**WHAT THIS TASK INVOLVES**
A verbatim restatement of the data, free of pictures, is what you should output.

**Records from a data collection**
++++++++
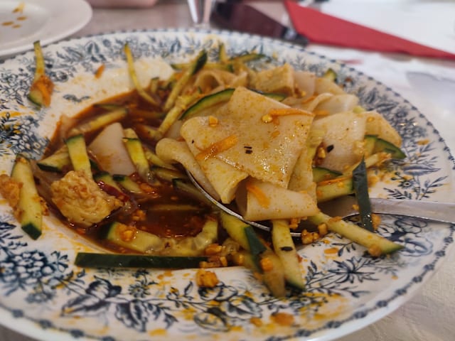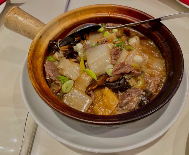 5.5/10+1The food doesn't match with the expectation and also its review on some platforms. First, food is not fresh enough even bad with obvious sour taste. Dry mushroom could be put in water not more than one day, but the mushroom we have is already sour, which means it has been put in water more than at least 2-3days. And as a restaurant, the food quality and even the food safety should be the most important thing. I am sorry this restaurant is not even qualified with it. We order one southern china style dish and one northern china style dish, which turns out to be the same seasoning and the same sauce. It's disappointing. The cold noodles is good, only thing recommended. Service is ok. Thanks for the orange served in the end. Not recommended with high expectations.
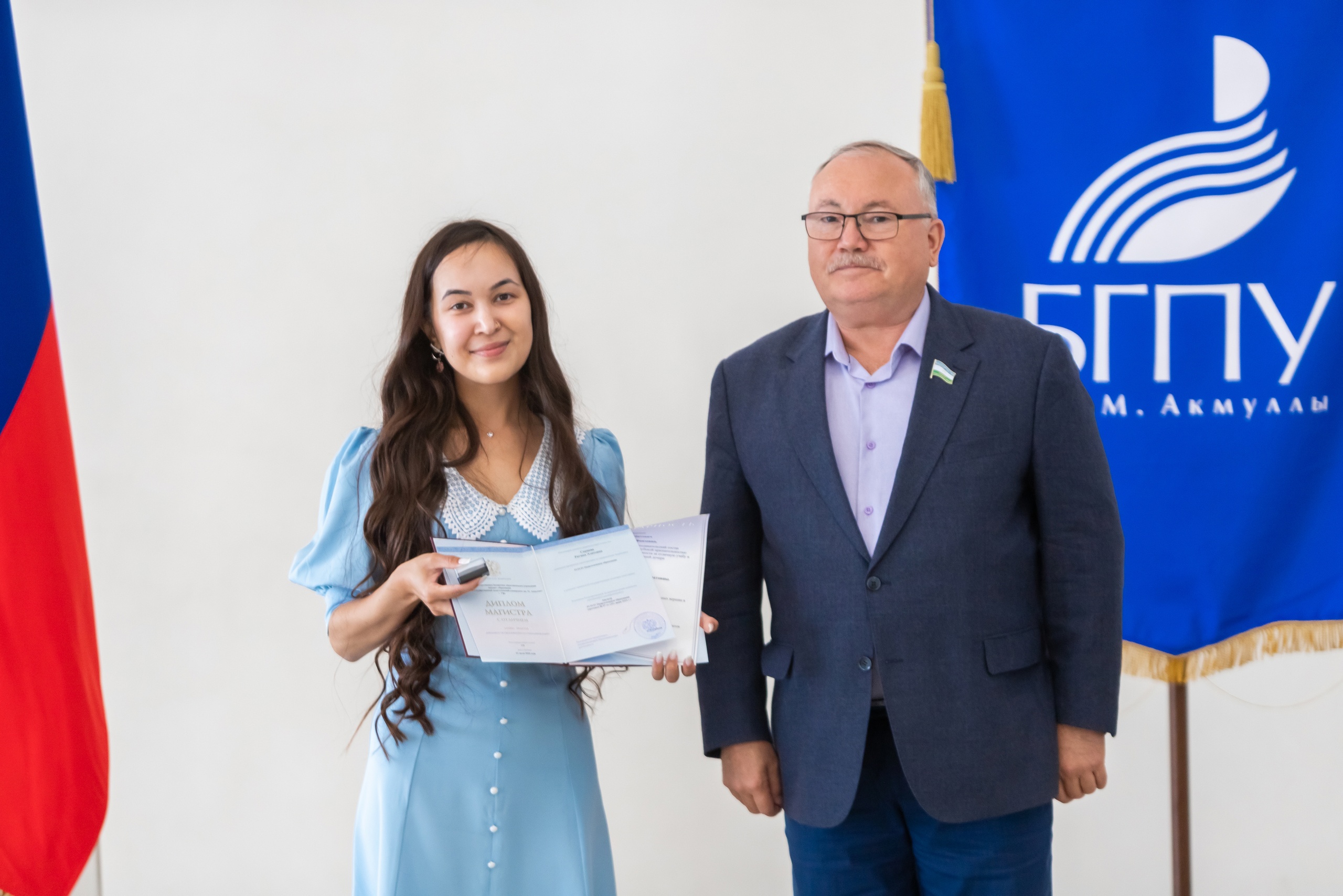 Уважаемые магистры, от всего сердца поздравляем вас с окончанием обучения в Башкирском государственном педагогическом университете им. М. Акмуллы! Желания и стремления вашего поколения определяют будущее страны, облик современного общества, в котором нам предстоит жить. Не бойтесь трудностей, уверенно преодолевайте их и покоряйте новые высоты. Пусть ваши самые смелые планы осуществятся в реальности. Счастья вам, здоровья, благополучия и удачи!
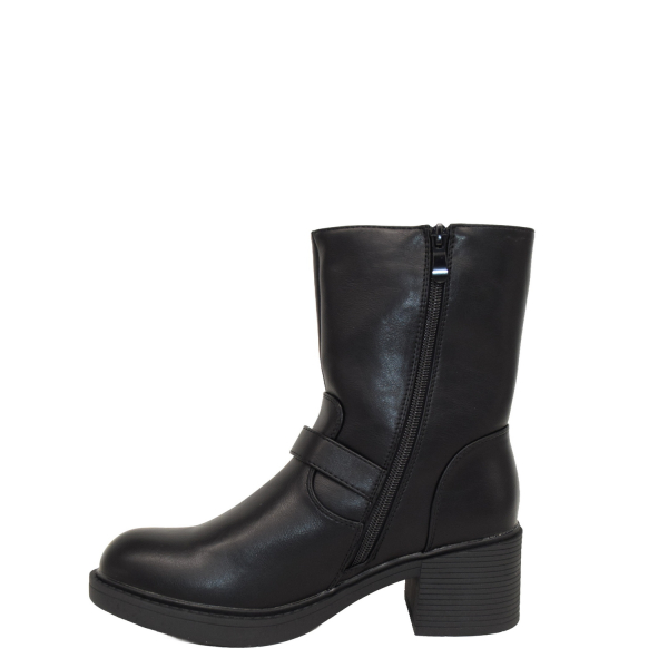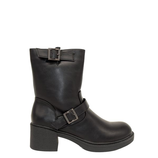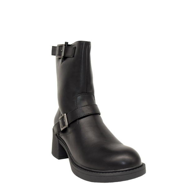 Μπoτάκι με χοντρό τακούνι και αγκράφες. Κλείνει με φερμουάρ.
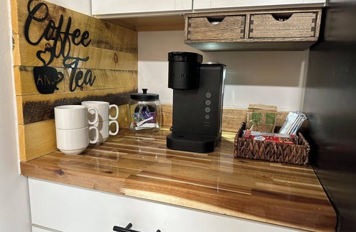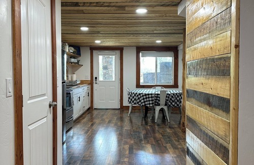 Complete with a full kitchen, laundry room, private bedroom and bathroom. Cozy living space next to a huge steel wood burner, 65” TV with lots of streaming stations to choose from, and includes Wi-Fi access. Everything you’ll need for a short term stay or long one!
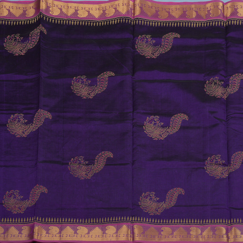 This regal Pure printed silk cotton saree features a majestic purple body adorned with intricate peacock prints, strikingly paired with a vibrant rani pink pallu and blouse.
++++++++
**EXERCISE SOLUTION**
 5.5/10+1The food doesn't match with the expectation and also its review on some platforms. First, food is not fresh enough even bad with obvious sour taste. Dry mushroom could be put in water not more than one day, but the mushroom we have is already sour, which means it has been put in water more than at least 2-3days. And as a restaurant, the food quality and even the food safety should be the most important thing. I am sorry this restaurant is not even qualified with it. We order one southern china style dish and one northern china style dish, which turns out to be the same seasoning and the same sauce. It's disappointing. The cold noodles is good, only thing recommended. Service is ok. Thanks for the orange served in the end. Not recommended with high expectations.
 Уважаемые магистры, от всего сердца поздравляем вас с окончанием обучения в Башкирском государственном педагогическом университете им. М. Акмуллы! Желания и стремления вашего поколения определяют будущее страны, облик современного общества, в котором нам предстоит жить. Не бойтесь трудностей, уверенно преодолевайте их и покоряйте новые высоты. Пусть ваши самые смелые планы осуществятся в реальности. Счастья вам, здоровья, благополучия и удачи!
 Μπoτάκι με χοντρό τακούνι και αγκράφες. Κλείνει με φερμουάρ.
 Complete with a full kitchen, laundry room, private bedroom and bathroom. Cozy living space next to a huge steel wood burner, 65” TV with lots of streaming stations to choose from, and includes Wi-Fi access. Everything you’ll need for a short term stay or long one!
 This regal Pure printed silk cotton saree features a majestic purple body adorned with intricate peacock prints, strikingly paired with a vibrant rani pink pallu and blouse.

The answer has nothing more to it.